The airline industry is in a tough spot. There's too much capacity, which drives down prices, meaning there's an awful lot of unprofitable flights out there. Fundamentally, there need to be mergers or failures, along with a retirement of good number of aircraft, to get capacity down to a level that will support higher ticket prices.


----------



## riverc0il (Jun 18, 2010)

mondeo does a great job here of pointing out the benefits or user funded extras through fees. Instead of raising costs (everyone suffers) increasing bag fees keeps rates the same and generally penalizes those that were being subsidized by the system. But the consumer does not see it as rates staying the same when they are paying per bag... but they don't see increased rates either. Same difference.

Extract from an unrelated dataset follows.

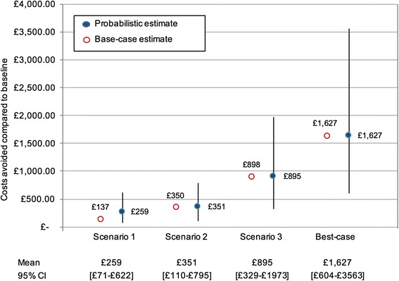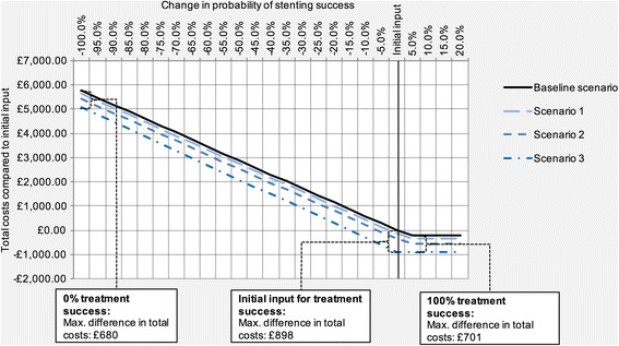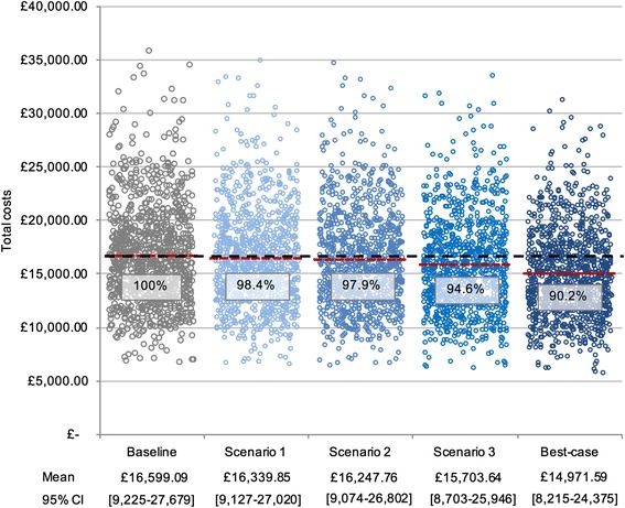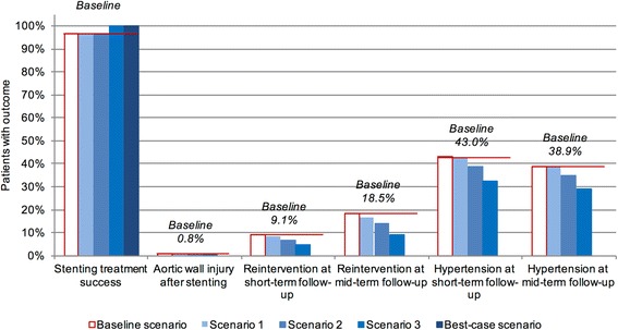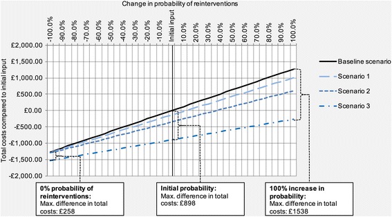 Results: Baseline costs were £16 688 ($25 182) per patient. Avoidable costs ranged from £137 ($207) per patient in a scenario assuming a 10% reduction in aortic wall injuries and reinterventions at follow-up, to £1627 ($2455) in a Best-case scenario with 100% treatment success and no complications. Overall costs in the Best-case scenario were 90.2% of overall costs at Baseline. Reintervention rate at follow-up was identified as most influential lever for overall costs. Probabilistic sensitivity analysis showed a considerable degree of uncertainty for avoidable costs with widely overlapping 95% confidence intervals.

Personally, I think the airlines are generating ill will by not allowing at least one free bag check of a reasonable size and weight. Odd ball sizes and heavy weights should pay a premium. But unless you are traveling just a weekend or over night, most travelers need to check at least one bag. I think a tiered system of fees by weight with escalating fees for higher bags would be the way to go. 20lbs and below free and go from there. Or something like that.

What I would like to see is FEE THE HELL out of people maximizing carry ons and taking up all the in cabin room!


----------